_DIRECTIONS FOR THIS TASK_. Each line below is to be copied exactly; images do not go into the copy.
::: INFORMATION SHOWN
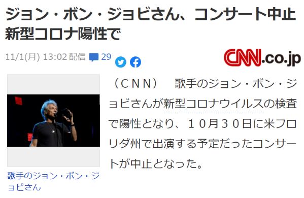 接種済のボン・ジョヴィが コロナに感染。接種証明を求めてた公演を中止ってなんとアホなニュース。 接種証明が意味ないって さすがにファンも気づいたか? CNNもツッコめよ。
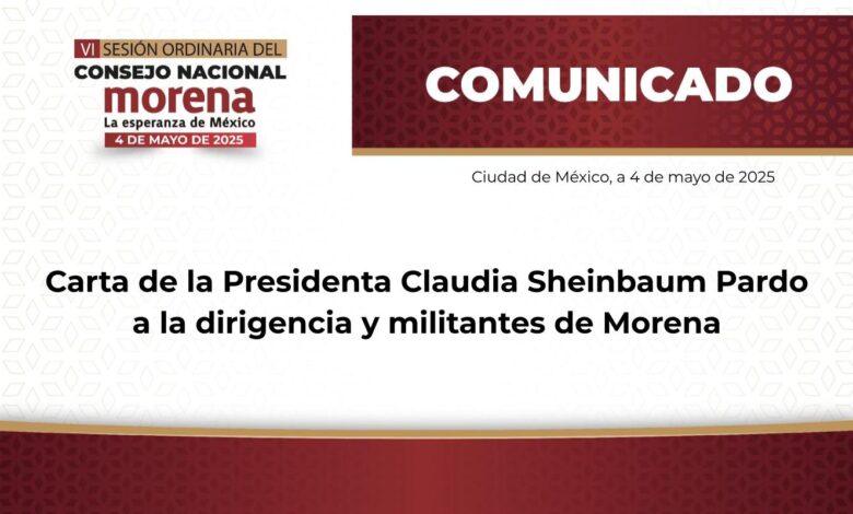 Carta de la Presidenta Claudia Sheinbaum Pardo a la dirigencia y militantes de Morena
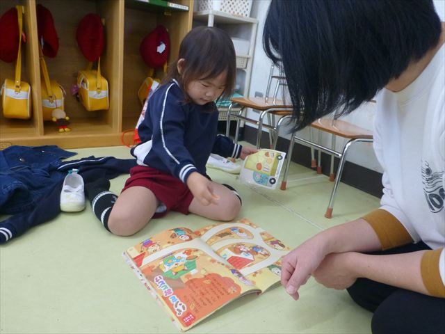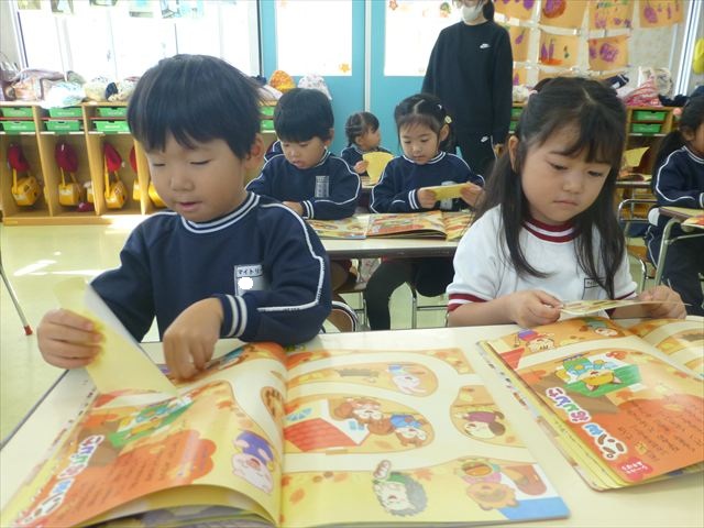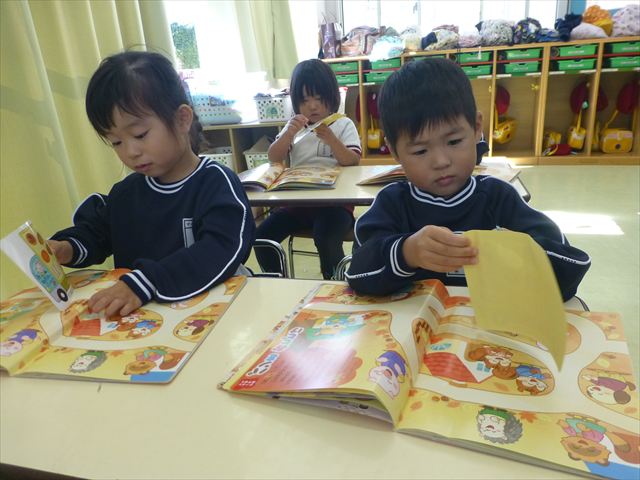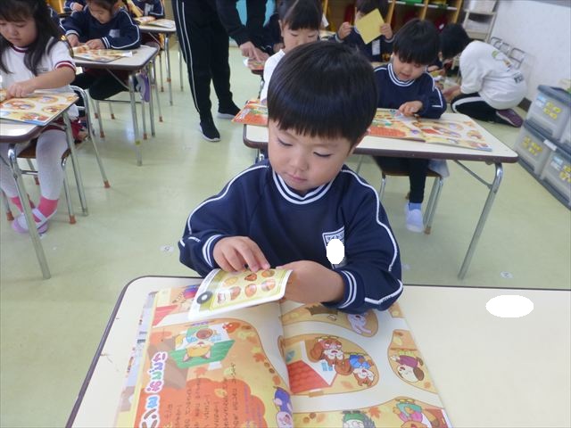 ^^ )楽しく英語教室に参加しました。その後は、月刊誌を見ました。パンの作り方が載っていて、真剣に見ていました。午後は、発表会の練習をしました。新しいダンスを練習し、楽しそうに参加していました。
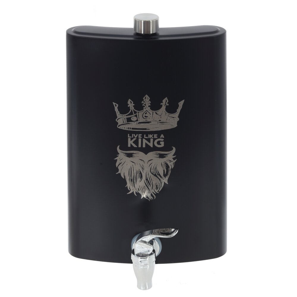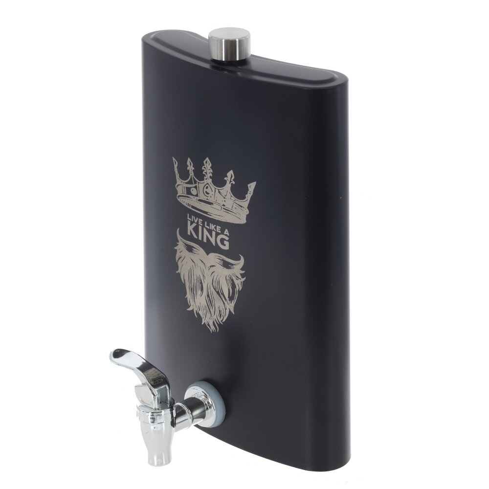 Фляжка объемом 1900 мл — это идеальное решение для тех, кто ценит удобство и стиль. Изготовленная из коррозионностойкой стали, она гарантирует долговечность и надежность в использовании, что особенно важно для активных людей. Уникальная особенность данной фляжки — съёмный краник, который значительно упрощает процесс переливания жидкости, обеспечивая максимальную комфортность и минимальные усилия. Cтильный черный цвет делает аксессуар универсальным и привлекательным. Элегантная надпись "King" придаёт фляжке индивидуальности и подчеркивает её статус. С такой фляжкой вам не страшны ни долгие походы, ни поездки на природу — она всегда станет верным спутником в любом приключении.
::::::
_SOLUTION FOR THIS TASK_.
 接種済のボン・ジョヴィが コロナに感染。接種証明を求めてた公演を中止ってなんとアホなニュース。 接種証明が意味ないって さすがにファンも気づいたか? CNNもツッコめよ。
 Carta de la Presidenta Claudia Sheinbaum Pardo a la dirigencia y militantes de Morena
 ^^ )楽しく英語教室に参加しました。その後は、月刊誌を見ました。パンの作り方が載っていて、真剣に見ていました。午後は、発表会の練習をしました。新しいダンスを練習し、楽しそうに参加していました。
 Фляжка объемом 1900 мл — это идеальное решение для тех, кто ценит удобство и стиль. Изготовленная из коррозионностойкой стали, она гарантирует долговечность и надежность в использовании, что особенно важно для активных людей. Уникальная особенность данной фляжки — съёмный краник, который значительно упрощает процесс переливания жидкости, обеспечивая максимальную комфортность и минимальные усилия. Cтильный черный цвет делает аксессуар универсальным и привлекательным. Элегантная надпись "King" придаёт фляжке индивидуальности и подчеркивает её статус. С такой фляжкой вам не страшны ни долгие походы, ни поездки на природу — она всегда станет верным спутником в любом приключении.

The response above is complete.